Will a CFA help me with my job prospects given my background?

Have a BSc and MSc in Operations Research from Columbia Univeristy, mid 3.3-3.4 undergrad GPA, 3.8 graduate GPA. My majors were veyr quantitative with heavy coursework in math, econ, finance, and comp sci. I have 1.5 years of full time work experience, the first at a fund of hedge funds, and now I’m working at a commercial bank with credit analysis as one of my main responsibilities. I’m looking ideally to get into investment/asset management/equity research. I was never a great programmer and my programming skills have deteriorated considerably to the point where I’d have to relearn since I’ve never used it outisde of college. I’m taking the CFA level 1 exam in June and hoping this will be that extra boost to get me into investment management.

CFA can’t hurt in your case, but I guess the question is whether it will help enough to justify all the time and work that goes into it.

For me, I had a non-finance background, so the CFA helped a lot in terms of convincing people I know something about financial matters. Your operations research stuff should help, and Columbia is a name brand university.

If you want to do credit analysis, I suspect that is good. People love to talk about equities, but there are probably more opportunities in fixed income. It’s a larger market and lots of organizations are trying to do asset-liability management, which is a place where fixed income is more important.

Your question was “will a CFA help”. That answer is yes. of course it won’t hurt you.

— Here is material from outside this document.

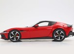 Le linee essenziali sono rese muscolari dai parafanghi. Quello posteriore prominente ma senza eccessi, è perfettamente integrato nella geometria dell'auto. Quello anteriore, con evidente richiamo alla 365GTB Daytona, mostra il suo fascino sinuoso impreziosendo la fiancata. Nel frontale, un'unica fascia avvolgente integra i fari e i DRL come due lame di luce. Proporzioni perfette per una GT: muso lunghissimo, abitacolo compatto e retro corto.

But similar to buying a 2nd lottery ticket, you may have increased your chances of winning the jackpot, but overall, your chances are still very unlikely.

technically , your fund of funds is an asset management shop, but of course what you mean is being on the ground actually picking the securites and investments.

Realistically, it’s very tough for you since there is very little transferrable skills from what you do now into equity research. Asset management, you may have some transferable skills if you deal with credit.

^ despite all this, there are peeps who have studied classic greek , have no cfa and are investment managers…u see them being interviewd on bloomberg sometimes :slight_smile:

^ Of course there are. Just as there are people who win the $500MM powerball.

most of those people were recruiting right out of their school, are connected with the right people, graduated during a stellar time of hiring, or some combination thereof. You have to look at his scenario now in today’s atrocious finance job market. agree?

Remember that iteracom is not our resident optimist here. His standard response to “will X help me get a job” is “your chances are slim-to-none.”

Often times he’s right, but I think you have a better chance than most, realtalk.

If you are an operations research person, you’d probably be more suited to going the quantitative investing and algorithmic trading route, rather than the equity research route. You also sound like someone who probably should be targeting credit analysis or interest rate analysis or even FX over equities unless you just can’t imagine yourself doing that. If you are going to target equity research, then make sure you can do the accounting part of suff correctly. CFA can help with that somewhat, though it’s only a start.

We just hired a quant guy who was previously in operations research. So yes, a lot of the work is transferable. I would encourage you to look beyond “investment management” as a possible career path. There are many kinds of careers in finance that are equally desireable (from objective measures anyway). Many of these will use more of your quantitative skills than asset management.